This feel more perfunctory than anything else but “Rampage” is fulfilling the final fight of his contract with the UFC against an opponent that could potentially give him a lot of fits in Glover Teixiera, a man that hardcore fans of the sport have been waiting to see in the Octagon for years.
Fight Breakdown: Quinton Jackson has gone from being a wrestling based fighter with big power and crazy slams to a boxer who avoids anything resembling the ground game. His boxing is crisp, and he has big time power, but Jackson’s talk has mimicked his game in a lot of ways. All he wants to do is “bang” and “entertain” but has aspirations of winning the light heavyweight title again. It’s an interesting dilemma in that usually guys who fight to “entertain” don’t fight for titles and guys who want titles don’t complain about the types of fighters they are set to face.

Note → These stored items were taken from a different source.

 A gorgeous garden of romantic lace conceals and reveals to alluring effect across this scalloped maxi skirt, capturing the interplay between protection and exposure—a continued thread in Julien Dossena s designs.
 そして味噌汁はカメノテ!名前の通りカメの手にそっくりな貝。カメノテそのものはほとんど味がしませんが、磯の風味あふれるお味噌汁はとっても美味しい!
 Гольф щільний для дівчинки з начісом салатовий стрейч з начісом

Jackson’s game is simple: box, use movement and go for the big shot. His takedown defense is stellar enough to keep it standing against most guys. Jackson avoids using anything involving wrestling and clinch work with a passion that’s admirable in a way; if there was an embodiment of the “Just Bleed” type of fan’s perfect fighting style “Rampage” would be a very refined version of it. He likes to throw, throw and throw some more because his athletic gifts are starting to leave him. What he has left is pure, raw power that he’s harnessed in a really tight boxing game. Jackson doesn’t get enough credit for his footwork and technique, I think, as he has some of the best technical hands in the division. He headhunts, of course, but everything is smooth and crisp. Quinton may not be a high level boxer in the traditional sense but when it comes to MMA he’s in the team picture for best boxing in the sport.
Glover’s game revolves around his stand up, as well, as Teixiera’s is less refined but more violent. The one thing about Teixiera that stands out is that he looks remarkably like his mentor, Chuck Liddell, in terms of how he fights. He’s vicious and looks for the kill, ruthless on the ground as he goes for the kill any way he can. He’s most comfortable standing, of course, but he’s an absolutely vicious fighter. There’s an air of menace with him inside the cage because he’s always ruthless in going for the finish.

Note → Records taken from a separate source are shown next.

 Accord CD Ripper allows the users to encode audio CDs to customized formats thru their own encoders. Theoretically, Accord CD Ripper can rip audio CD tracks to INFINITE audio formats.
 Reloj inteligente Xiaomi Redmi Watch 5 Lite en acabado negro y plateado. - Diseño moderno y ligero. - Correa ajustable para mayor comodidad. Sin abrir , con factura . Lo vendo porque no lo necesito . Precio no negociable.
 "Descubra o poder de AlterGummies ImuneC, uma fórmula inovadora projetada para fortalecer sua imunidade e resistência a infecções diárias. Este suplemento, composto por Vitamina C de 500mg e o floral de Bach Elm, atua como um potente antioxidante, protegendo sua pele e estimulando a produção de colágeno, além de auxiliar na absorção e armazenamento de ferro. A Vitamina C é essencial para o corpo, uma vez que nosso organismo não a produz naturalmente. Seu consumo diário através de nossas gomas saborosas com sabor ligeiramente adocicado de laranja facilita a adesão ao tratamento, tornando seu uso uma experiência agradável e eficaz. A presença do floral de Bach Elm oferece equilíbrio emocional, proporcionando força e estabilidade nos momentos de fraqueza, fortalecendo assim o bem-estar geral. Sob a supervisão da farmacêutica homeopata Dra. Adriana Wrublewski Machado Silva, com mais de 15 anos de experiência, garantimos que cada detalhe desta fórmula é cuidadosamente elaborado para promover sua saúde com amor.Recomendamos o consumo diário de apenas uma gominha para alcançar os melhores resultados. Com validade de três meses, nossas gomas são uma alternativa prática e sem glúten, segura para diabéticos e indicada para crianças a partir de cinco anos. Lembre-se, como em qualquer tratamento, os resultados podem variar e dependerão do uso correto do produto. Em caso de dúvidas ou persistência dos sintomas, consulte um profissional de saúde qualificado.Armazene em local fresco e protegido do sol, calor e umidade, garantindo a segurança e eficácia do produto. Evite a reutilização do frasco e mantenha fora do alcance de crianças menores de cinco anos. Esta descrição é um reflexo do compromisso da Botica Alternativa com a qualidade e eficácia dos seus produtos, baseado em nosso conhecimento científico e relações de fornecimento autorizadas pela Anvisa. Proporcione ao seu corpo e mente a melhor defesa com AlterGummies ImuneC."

The key to this fight is going to be who hits the big shot first. Teixiera might want to try and work the clinch and takedown game against Jackson, of course, but he’s not good enough to get him to the ground. There’ll come a point when he has to stand and trade with Jackson because it’s all he has left. Look for him to emulate what Jon Jones did to Jackson and keep him at a distance, kick out Jackson’s legs to slow him down and look for the big shot. Teixiera doesn’t have the technical striking game Jones does but he makes up for it with raw power.
Why It Matters: This is a strange fight in that normally it’d be a quasi-title eliminator but it’s really a farewell for one and a hello to another. Thus it’s more of a star-making opportunity for the Brazilian and a chance for Jackson to go out with a win on one of the biggest platforms there is.
Jackson is done with the UFC after this fight. Those are his words, too, and he wants to go out on a win. He’d also like to spoil the UFC’s plans of making Glover into a star off his name, as well, on such a big platform as Fox.
For Glover winning, especially in spectacular fashion, makes him into a star ready to challenge Jon Jones. Look at the savagery he’s already inflicted so far and with another highlight reel beatdown, this time of a former UFC champion and certified MMA legend in “Rampage,” Teixiera moves into the proverbial title “mix” with Daniel Cormier, Alexander Gustafsson, et al.